Abstract
As ordinary citizens, jurors bring to court a diversity of emotions and views about crime, punishment and terrorism. They may also have different preferred styles of learning, and different capacity for empathy. For some, their dispositions may be so entrenched that the jury experience cannot budge them—not the evidence, nor the judge’s instructions, nor even deliberation with fellow citizens. On the other hand, it is likely that many jurors enter the courtroom with a variety of expectations and prejudices, but that participatory immersion in the experience of the criminal justice process will shape and shift at least some of these views. An extensive body of prior research has demonstrated that jury decisions are affected far more by the particulars of the evidence presented in the context of a specific trial than by jurors’ pre-existing attitudes and dispositions. Thus, general attitudinal biases in jurors are not thought to pose a substantial threat to justice outcomes, as these attitudinal dispositions are expected to balance out across a jury composed of 12 diverse community members. In addition, the strength of individual pre-deliberation attitudes may be reduced by the experience of group deliberation.
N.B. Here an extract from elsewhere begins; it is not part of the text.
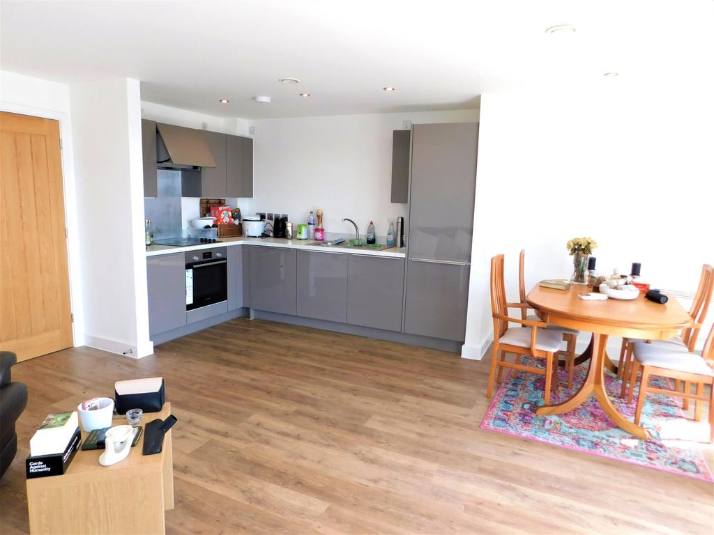 The flat features two double bedrooms, both with fitted wardrobes, ensuring ample storage space for your belongings. The master bedroom includes an ensuite bathroom, providing added privacy and convenience. There is also a separate family bathroom making the apartment perfect for sharers. The bright and spacious living area is perfect for relaxation and entertainment, with a wrap-around balcony offering stunning views of the surrounding area. The kitchen comes complete with integrated fridge freezer, washer dryer and oven and hob.

For example, in one real criminal case, pre-deliberation attitudes among empanelled jurors had a strong association with preferred verdict before deliberation; this difference largely disappeared after deliberation. Factors arising from group dynamics, such as cohesion, norms arising within each group5 or the influence of particular individual jurors on group decisions may all contribute to reduce the influence of pre-deliberation predispositions and attitudes.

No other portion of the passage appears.